Мужчины перестали играть в карты, слушают. Краснолицый с шрамом на бедре рассказывает. Голос у него хриплый:
– Меня, брат, еще на Финской войне крестили. Ты, говорят, в рубашке родился. Собачий холод, снег. Деревьев уйма. Два-три дерева подрубим, значит, чтоб верхушками сошлись, вроде шалаш. Костерок. Спим, а дневальный глядит, чтобы не подгорели, толкает: на другой бок переворачивайся. Как шашлык. А хвоя, как подсохнет, так враз до верхушек вспыхнет. Прямо столб огненный… А шарахнуло меня под Новороссийском, ну да, на той самой земле, на Огненной. Зацепились за берег десантом. Не так уж и мало, а, в общем-то, горстка. А он, гад, сандалит, утюжит, пашет. Верь не верь, седели ребята. Был у нас там такой отпетый, любого часового ножом снимет, а потом сам всю траншею пришить может, и без одного звука. И тот сдал. Лежишь на пятачке, а по тебе молотят. Меня утром полоснуло. Так на берегу до ночи пролежал. Увозили по морю раненых только, когда темно.
– А потом? Долго, наверно, снилось? – спрашивает блондин.
– И сейчас бывает. Снится.
* * *
Я предчувствовал: что-то должно случиться. Мы шли по Греческой площади, и я внезапно, как толчок, ощутил чей-то взгляд.
Оглянулся всего на миг. На веранде кафе, забитом народом, за столиком сидела Светлана, и спиной ко мне – Юра Царёв. Я мгновенно узнал его по очертаниям спины, хотя он сильно похудел. Глаза у Светланы, явно увидевшей меня, остекленели, как бывает за миг до потери сознания.
– Настенька, дорогая, – я впервые назвал ее так, – если я почувствую, что кто-то за мной бежит, быстро зайди, видишь, в магазин. Оттуда можешь за мной следить.
Я знал, такие вещи она понимает с полуслова.
На площади было много народа, слышался стук множества каблуков и шарканье подошв. Но у каждого человека своя походка, свой стук каблуков. Я узнавал дробный, спотыкающийся от нетерпения, стук ее каблучков. Когда-то в ночи стук каблучков уходящей навсегда Лены отдавался во мне полной потерей надежды, уходил, ослабевал, оборвался, оставив меня в абсолютной бездыханной пустоте. Теперь же стук шел ко мне, нарастал, и я убыстрил шаг, чтобы добраться до маячащей вдали свободной скамейки. Только дойдя до нее, обернулся.
Светлана не просто бросилась мне на шею, она свалила меня на скамью, обхватила шею и стала просто душить.
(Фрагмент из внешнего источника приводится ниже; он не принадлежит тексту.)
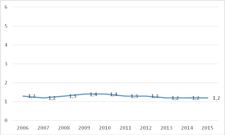 Πίνακας 1- Αμυντικός Προϋπολογισμός της Γερμανίας ως % του ΑΕΠ (2006-15)- (Πηγή: The World Bank)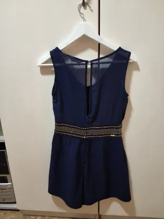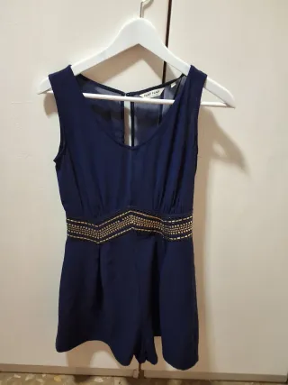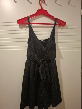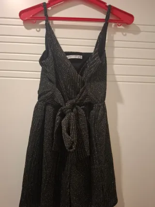 Mono corto con tejido brillante. Talla M. Puesto un vez. - Diseño con escote en V. - Tirantes finos. - Detalle de lazada en la cintura.
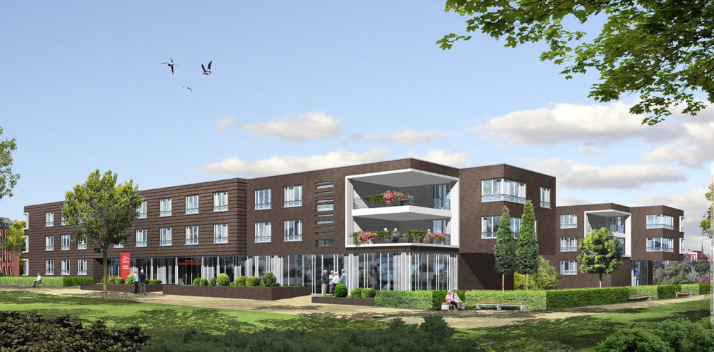 Im Stadtteil St. Lorenz errichtet die HBB ihr zweites Seniorenpflegeheim in der Hansestadt. Zwischen Bahnhof und Holstentor, oberhalb des Stadtgrabens und vis-á-vis der als Weltkulturerbe geschützten Altstadt, wird an der Konrad-Adenauer-Straße das neue Gebäude mit einer Bruttogeschossfläche von rund 9.300 m² entstehen. Mit Blick auf die markanten und unverwechselbaren Sieben Türme bietet die Seniorenimmobilie dann 160 Pflegeplätze für ihre zukünftigen BewohnerInnen. Klare Formen und viel Tageslicht sind die Hauptmerkmale des dreigeschossigen Gebäudes, das mit einer modernen, kubischen Architektur Zeichen setzt. Große Glasfronten mit dem Haupteingang auf der Südseite sowie große Fensterflächen auf der Ostseite in Richtung Stadt sorgen für spannende Ein- und Ausblicke.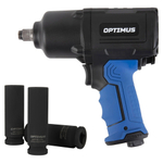 Пневматический ударный гайковерт OPTIMUS OPT-PW2050L с набором тонкостенных шестигранных ударных головок: 17, 19, 21 мм. Предназначен для проведения монтажных и демонтажных работ с крепежом, работает от источника сжатого воздуха. Используется на СТО, производственных предприятиях, в сборочных цехах. Надежный и долговечный ударный механизм Twin Hammer обеспечивает мгновенный сбалансированный удар и минимальную вибрацию. Модель OPT-PW2050L оснащена пятью режимами работы: 4 на закручивание и 1 максимальный на откручивание. Благодаря кнопочному переключателю можно управлять направлением вращения и работать одной рукой. Легкий и прочный композитный корпус защищает внутреннее устройство от механических воздействий. Подходит для работы как с мягкими, так и с жесткими соединениями.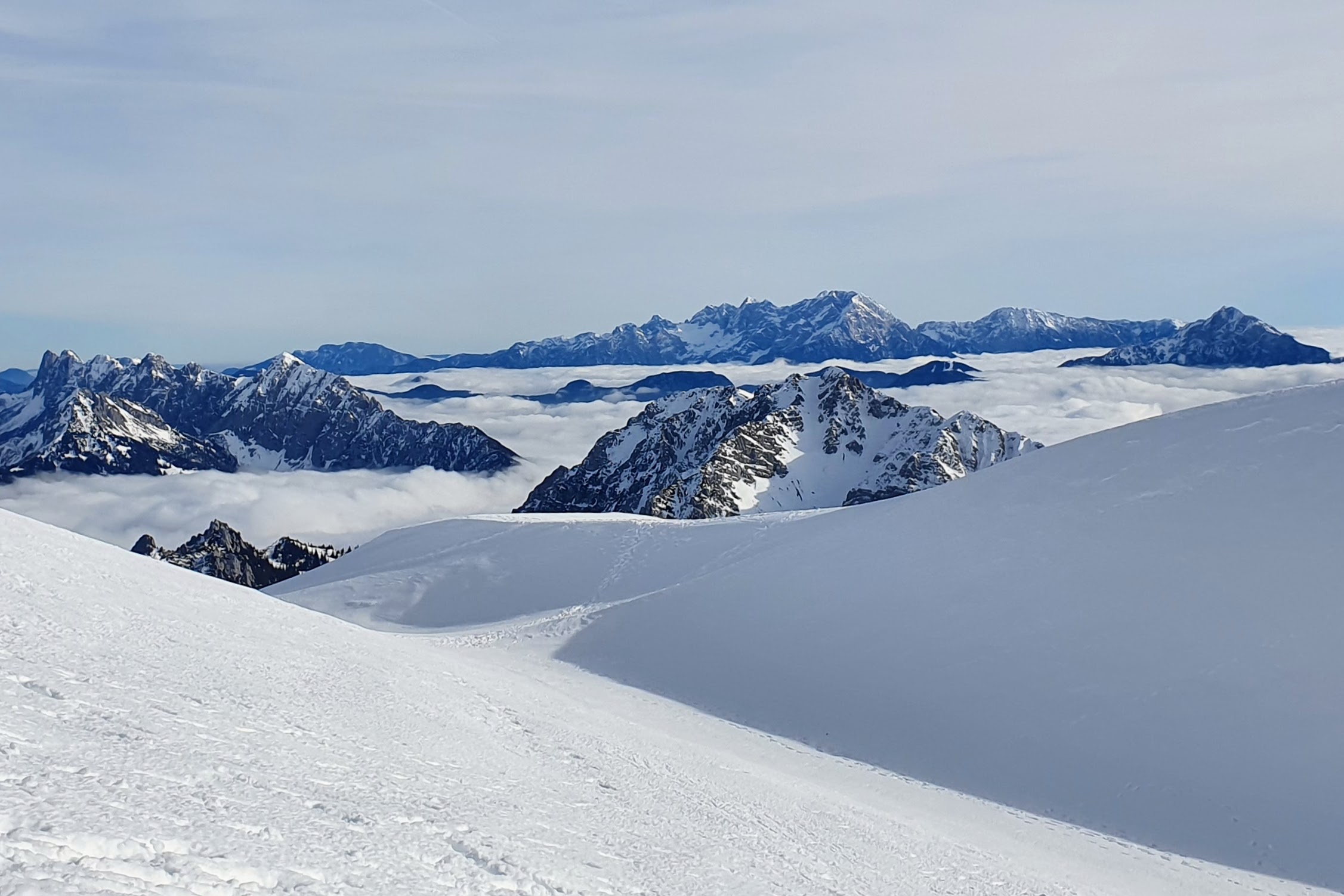 Na visini od 1800 m stavljamo dereze da sigurnije hodamo, leda nema. Ulazimo u sasvim drugi svijet. Svijet nepregledne bjeline, svijet jedne drugačije tišine, svijet koji oslobađa od razmišljanja.

У нее был безумный блуждающий взгляд, она издавала какие-то нечленораздельные звуки, что-то в груди ее глухо клокотало. Я пытался оторвать ее руки от моего горла, прижать ее голову к груди. У нее была истерика. Меня она душила, а сама задыхалась. Прохожие останавливались, Из ближнего киоска прибежала продавщица со стаканом воды. Человеческому взгляду тяжело видеть припадок. Человек или убегает от этого, сломя голову, или торопится помочь. Я силой повернул ее голову и просто влил ей в схваченный судорогой рот пару глотков из стакана. Она немного пришла в себя, обмякла, буквально распласталась на моей груди, уткнулась лицом в мою шею и затихла. Мне даже показалось, что она потеряла сознание, но я боялся оторвать ее от себя и взглянуть ей в лицо. Вдалеке, на веранде, маячило повернутое к нам непривычно худое и желтое лицо Царева, кажущееся еще более худым и заострившимся от любопытства.
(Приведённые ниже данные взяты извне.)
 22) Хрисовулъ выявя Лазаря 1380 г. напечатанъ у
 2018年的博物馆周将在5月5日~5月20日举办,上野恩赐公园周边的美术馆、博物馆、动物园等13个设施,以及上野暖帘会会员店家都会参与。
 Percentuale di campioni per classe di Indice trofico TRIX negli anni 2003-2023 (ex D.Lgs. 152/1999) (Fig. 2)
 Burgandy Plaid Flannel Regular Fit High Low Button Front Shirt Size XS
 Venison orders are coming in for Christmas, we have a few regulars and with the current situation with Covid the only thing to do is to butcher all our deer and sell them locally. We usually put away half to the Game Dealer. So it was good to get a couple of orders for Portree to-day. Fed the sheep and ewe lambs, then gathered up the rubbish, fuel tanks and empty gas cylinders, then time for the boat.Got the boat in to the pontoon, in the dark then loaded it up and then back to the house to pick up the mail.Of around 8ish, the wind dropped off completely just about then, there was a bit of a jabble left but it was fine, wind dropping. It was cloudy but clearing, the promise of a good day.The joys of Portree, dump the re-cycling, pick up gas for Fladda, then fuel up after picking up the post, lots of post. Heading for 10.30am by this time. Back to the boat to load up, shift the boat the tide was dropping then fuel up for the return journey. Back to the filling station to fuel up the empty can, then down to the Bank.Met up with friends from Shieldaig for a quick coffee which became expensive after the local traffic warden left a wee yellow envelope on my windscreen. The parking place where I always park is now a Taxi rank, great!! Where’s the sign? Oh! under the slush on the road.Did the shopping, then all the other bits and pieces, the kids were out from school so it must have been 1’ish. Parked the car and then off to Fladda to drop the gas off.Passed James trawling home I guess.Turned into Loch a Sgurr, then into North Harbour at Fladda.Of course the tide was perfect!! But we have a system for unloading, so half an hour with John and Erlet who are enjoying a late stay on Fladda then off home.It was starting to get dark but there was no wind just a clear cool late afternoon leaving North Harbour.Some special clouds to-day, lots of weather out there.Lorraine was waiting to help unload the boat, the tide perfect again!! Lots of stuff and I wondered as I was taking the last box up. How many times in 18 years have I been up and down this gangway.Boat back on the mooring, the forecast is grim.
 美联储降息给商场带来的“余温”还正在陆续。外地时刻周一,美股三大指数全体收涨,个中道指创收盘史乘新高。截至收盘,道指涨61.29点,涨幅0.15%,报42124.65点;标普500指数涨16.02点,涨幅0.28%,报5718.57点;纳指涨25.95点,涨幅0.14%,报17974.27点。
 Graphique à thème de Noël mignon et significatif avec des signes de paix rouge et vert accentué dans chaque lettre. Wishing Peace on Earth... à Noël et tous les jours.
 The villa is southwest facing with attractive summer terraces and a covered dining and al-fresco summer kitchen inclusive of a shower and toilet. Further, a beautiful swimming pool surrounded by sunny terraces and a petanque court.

Вероятно, она все же на миг потеряла сознание, ибо вдруг подняла голову, не осознавая, где она, обводя всё вокруг невидящим взглядом. Начала приходить в себя. Из глаз ее потекли слезы. Я достал платок и начал вытирать ей глаза. Она, как ребенок, подставляла мне лицо. Бормотала:
– Что же ты наделал? Почему оставил меня? У меня папа умер, а ты… вот так… Где эта, ну, краля, что шла с тобой. Испугалась, сбежала? Я бы ей глаза выцарапала.
Я гладил ее по голове, настроение у меня было омерзительное, знакомая мне в такие мгновения пустота ширилась под ложечкой, затрудняя дыхание.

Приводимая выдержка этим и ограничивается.